Fix: add 50-token overlap (chunk_overlap=50); for table-dense content use structure-aware splitting instead.

Table rows return as incoherent half-tables
Why: character-based splitters don't understand table structure and cut across rows.
Detect: retrieved chunks contain malformed table syntax (orphan | characters, partial header rows).
Fix: extract tables as atomic units using unstructured; never apply recursive splitters to tabular content.

Semantic chunker is 5-10x slower than expected at ingestion
Why: semantic chunking embeds every sentence via an API call; large documents trigger hundreds of calls.
Detect: ingestion pipeline takes >10 minutes per 100-page document; embedding API spend spikes.
Fix: use async batching for sentence embeddings; consider fixed-size chunking for documents where topic uniformity is high.

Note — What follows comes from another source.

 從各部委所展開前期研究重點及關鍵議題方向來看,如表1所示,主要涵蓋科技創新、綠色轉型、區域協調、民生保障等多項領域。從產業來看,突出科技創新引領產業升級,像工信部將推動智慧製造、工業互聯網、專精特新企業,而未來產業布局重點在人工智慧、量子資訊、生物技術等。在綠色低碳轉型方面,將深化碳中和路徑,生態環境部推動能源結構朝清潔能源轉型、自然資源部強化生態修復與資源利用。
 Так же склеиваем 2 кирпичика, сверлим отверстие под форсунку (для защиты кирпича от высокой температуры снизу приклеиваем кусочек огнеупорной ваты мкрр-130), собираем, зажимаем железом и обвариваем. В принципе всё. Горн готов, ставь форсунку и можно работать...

Chunks from different doc types mixed in the same index, collapsing precision
Why: a financial report and a user manual land in the same vector space; queries retrieve across doc types indiscriminately.
Detect: retrieval returns seemingly unrelated documents; RAGAS context precision drops below 0.60.
Fix: add doc_type metadata to every chunk and use pre-filtering in the vector store query.

Late chunking fails for documents longer than the embedding model's context
Why: models like jina-embeddings-v3 have a max input length; documents beyond it are silently truncated.
Detect: chunks near the end of long documents have identical embeddings to mid-document chunks (truncation artifact).
Fix: split very long documents into sections before applying late chunking; apply late chunking within each section.

Connections

Open Questions

  • Is 512 tokens still the right default as embedding model context windows extend to 8K+ tokens?
  • How does semantic chunking quality hold up for domain-specific technical documents vs general prose?
  • Does late chunking's document-level context benefit scale to very long documents (books, full codebases)?